DOE and INL established the NGNP Project as required by Congress in Subtitle C of Title VI of the Energy Policy Act of 2005. The mission of the NGNP Project was to develop, license, build, and operate a prototype modular high temperature gas-cooled reactor (HTGR) plant that would generate high-temperature process heat for use in hydrogen production and other energy-intensive industries while generating electric power at the same time. The hydrogen production aspects of the project were closely aligned with then-President George W. Bush's goals for creating a US-led hydrogen economy. As stipulated by the Energy Policy Act of 2005, pre-licensing activities for the NGNP prototype began with the development of the NGNP Licensing Strategy Report to Congress that was jointly issued by NRC and DOE in August 2008. Subsequent NRC interactions with DOE and INL centered primarily on the NRC's review and assessment of a series of NGNP white paper submittals that describe the approaches that DOE and INL propose to pursue in establishing the technical safety bases and criteria for licensing the NGNP prototype. NGNP pre-licensing interactions began in 2006.

The DOE issued in 2007 a "request for expressions of interest from prospective industry teams" that want to provide design services for developing the NGNP.

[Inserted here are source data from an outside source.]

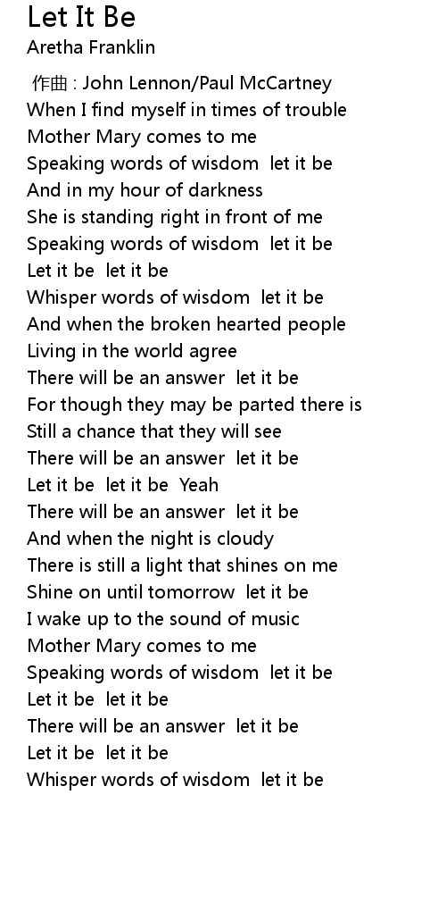 | [01:00.89] | There will be an answer let it be |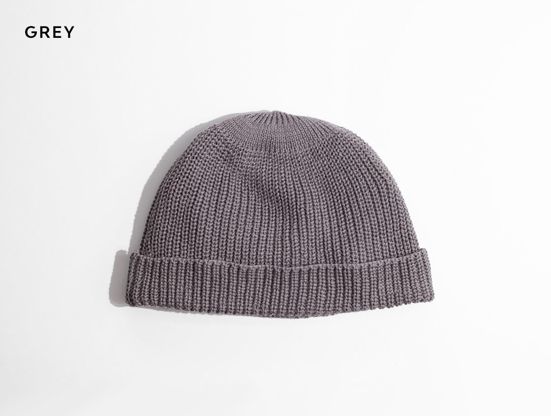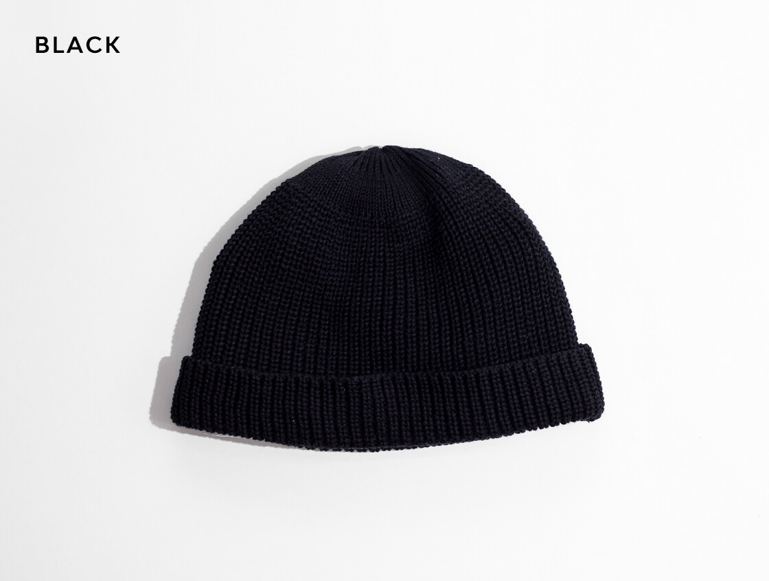 緩めの片畦編みで編み立てられ、ストレスのない被り心地が魅力のコットンワッチキャップです。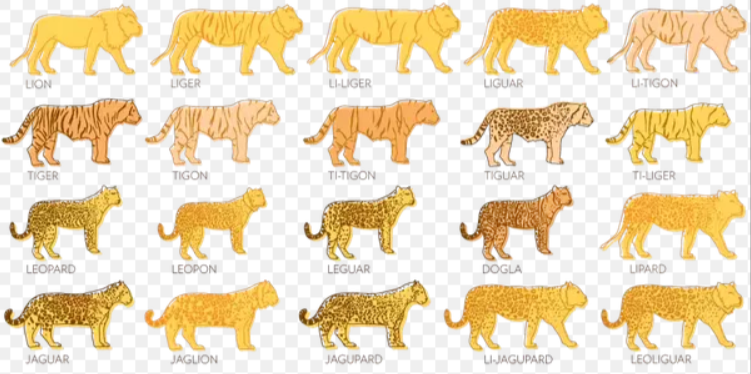 然而,无论是liger狮虎兽或tigon虎狮兽,都得分公母吧,遗传科学上,公的liger和tigon不具有生育能力,而母的liger和tigon具有生育能力。所以连续剧就有第二集了,即雌性liger或tigon与雄性tiger或lion交配后产生的后代有几种并且分别叫什么呢?二二得四,理论上是四种情况。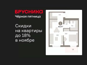 Просторная 2-комн. квартира с европланировкой и предчистовой отделкой в ЖК "Брусника в Новоселье" на 7 этаже. Общая площадь: 46.87 кв.м., жилая: 20.8 кв.м., общая площадь гостиной-столовой с кухонной зоной: 19.2 кв.м. Европланировка, за счет большой площади кухни-гостиной квартира выглядит просторной и очень удобна для жизни. Комнаты изолированные, все окна выходят на одну сторону. В квартире один балкон, один совмещенный санузел. Высота потолков 2.7 м.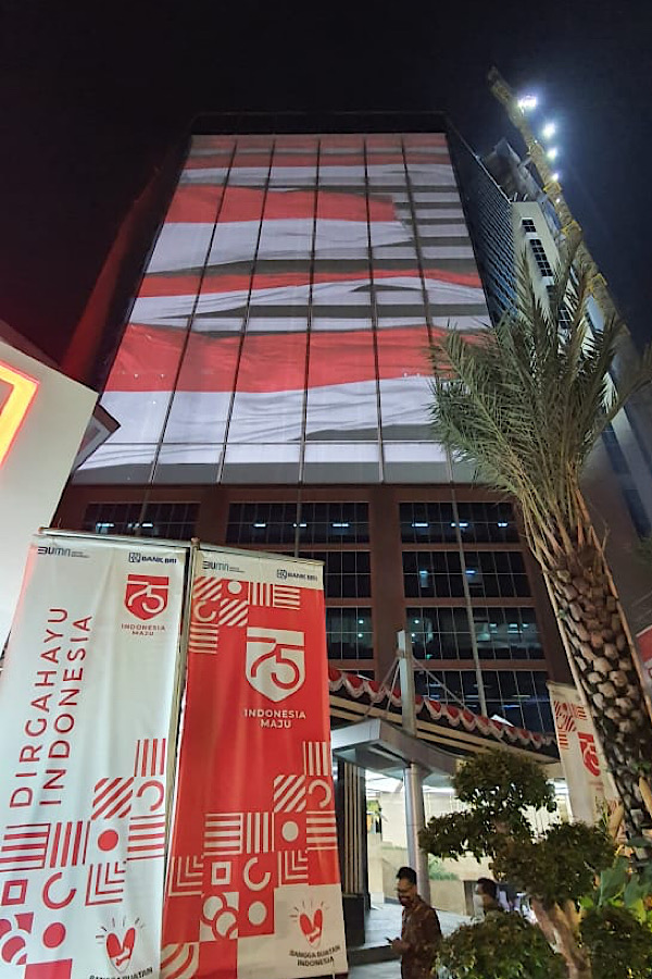 Bank BRI menampilkan Video Mapping dan logo HUT Kemerdekaan ke-75 RI melalui layar LCD raksasa di Gedung Kantor Pusat Bank BRI di jalan Jend. Sudirman Jakarta yang digelar dalam rangkaian perayaan dan peringatan HUT RI ke 75, Selasa (18/08). BRI memaknai HUT kemerdekaan Indonesia dengan spirit bangkit untuk menggapai Indonesia yang lebih maju. Mengambil peran melalui kegiatan Corporate Social Responsibility (CSR) BRI Peduli memberikan Dana Bantuan Pendidikan (Beasiswa) kepada 5.000 pelajar berprestasi dan tidak mampu di seluruh Indonesia mulai dari SD, SMP, MTs, SMA atau sederajat termasuk diantaranya anak/cucu dari Veteran Pejuang dan tenaga pendukung medis dari RS Rujukan Penanganan Covid-19, seperti tenaga kebersihan RS, Supir Ambulans, Petugas Pemulasaraan dan para Pekerja Dasar RS non-Pekerja Tetap. (*)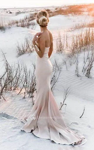 Mermaid Sweetheart Sleeveless Bell Poet Ruffles Sweep Train Backless Jersey Satin Dress

With an earlier focus on South Africa's Pebble Bed Modular Reactor (PBMR), in 2012, INL approved a design similar to Areva's SC-HTGR (formerly "Antares") reactor as the chosen next-generation nuclear power plant VHTR to be deployed as a prototype by 2021. It was in competition with General Atomics' gas turbine modular helium reactor and Westinghouse' PBMR. The NGNP Industry Alliance agreed with this technology vendor decision of the AREVA prismatic core modular HTGR in a steam supply configuration for initial applications for co-generation of process heat and electricity.

==Next Generation Nuclear Plant Project termination==
On October 17, 2011, the Secretary of Energy forwarded to Congress the report and recommendations of a Nuclear Energy Advisory Committee review of the NGNP Project EPAct Phase 1 activities. The Secretary's letter concluded that “…Given current fiscal constraints, competing priorities, projected cost of the prototype, and the inability to reach agreement with industry on cost share, the Department will not proceed with the Phase 2 design activities at this time. The Project will continue to focus on high temperature reactor research and development activities, interactions with the Nuclear Regulatory Commission to develop a licensing framework, and establishment of a public-private partnership until conditions warrant a change of direction.”

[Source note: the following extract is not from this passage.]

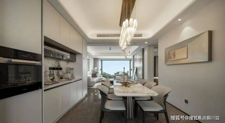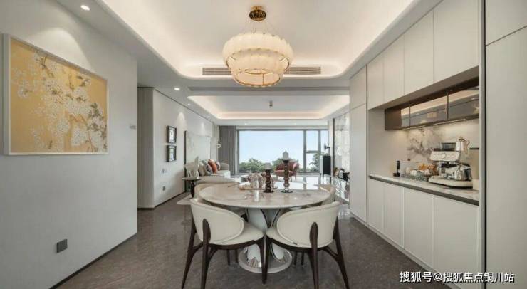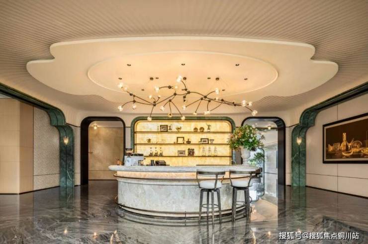 水吧区位于生活馆核心位置,自然衔接沙盘区与洽谈区。圆弧形水吧台引导行走动线,同时又能提高服务效率。浅灰色奢石与枝形吊灯相得益彰,高贵又不失亲和力。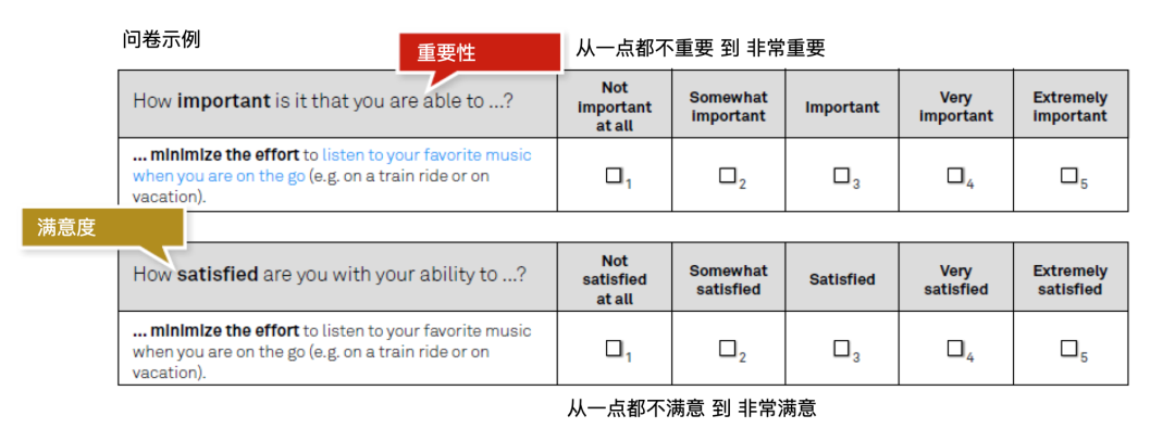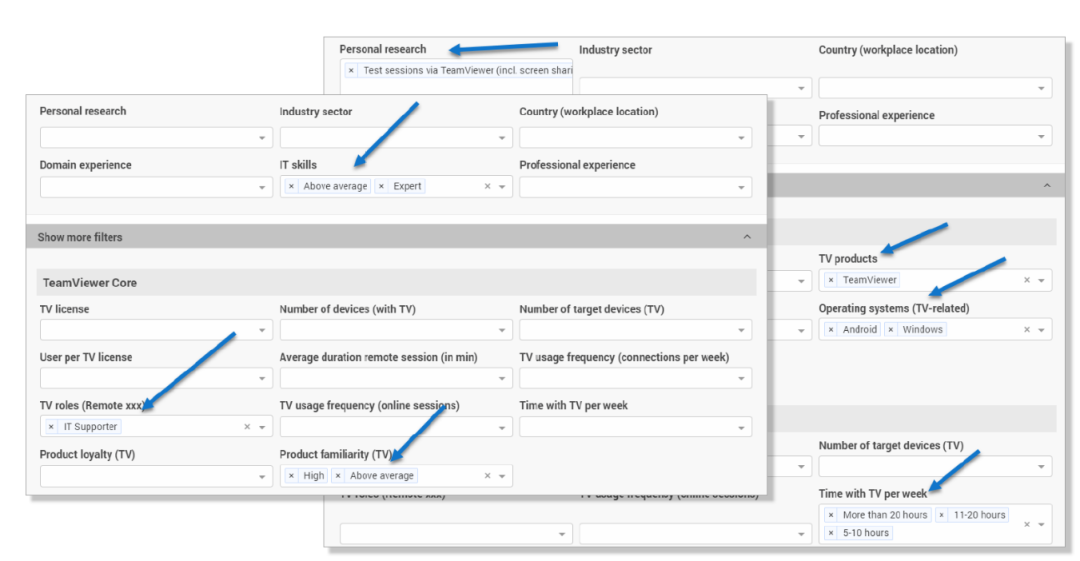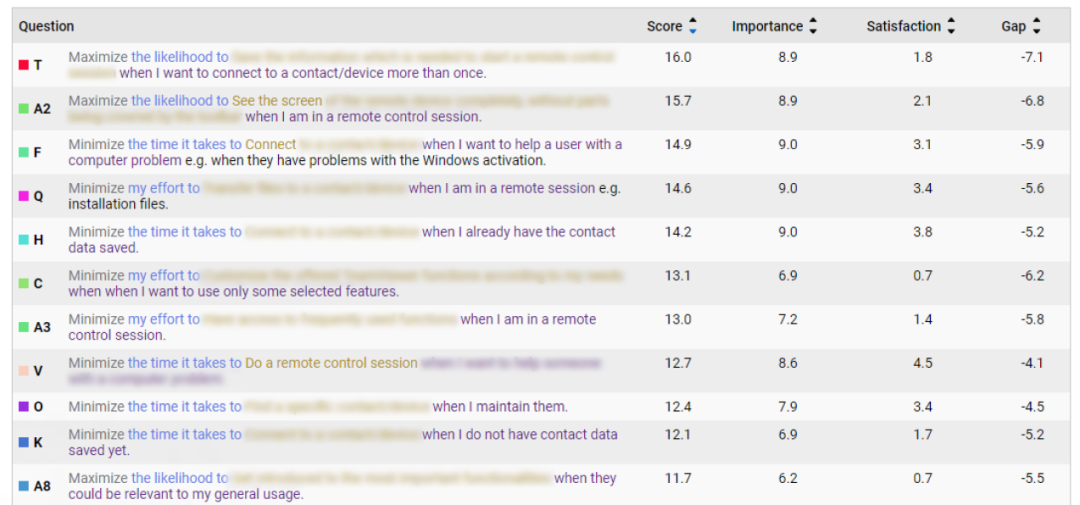 JTBD 调查:列表视图。首先关心更相关的需求(更高的分数)是有意义的。(“TeamViewer 用户关注计划”截图)

Pre-licensing discussions regarding the NGNP were suspended in 2013 after the 2011 DOE decision not to proceed into the detailed design and license application phases of the NGNP Project and continuing efforts to advance the project ended unsuccessfully. DOE's decision cited impasses between DOE and the NGNP Industry Alliance in cost sharing arrangements for the public-private partnership required by Congress.

The overall project faltered in the mid-2010s due to a lack of pressing demand from industry and government stakeholders, and lack of funding commitment from both private and government sources. While the overall program made notable achievements in materials science and regulatory matters which saw further application, by 2015 the overall project was terminated without any fabrication or construction of a NGNP plant performed or planned.

==Status of the NGNP reactor design==
Reactor designer and nuclear steam supply system vendor Areva, now Framatome, continues to market their HTGR designs globally. The Chinese HTR-PM is the only non-prototype HTGR in commercial service as of 2025.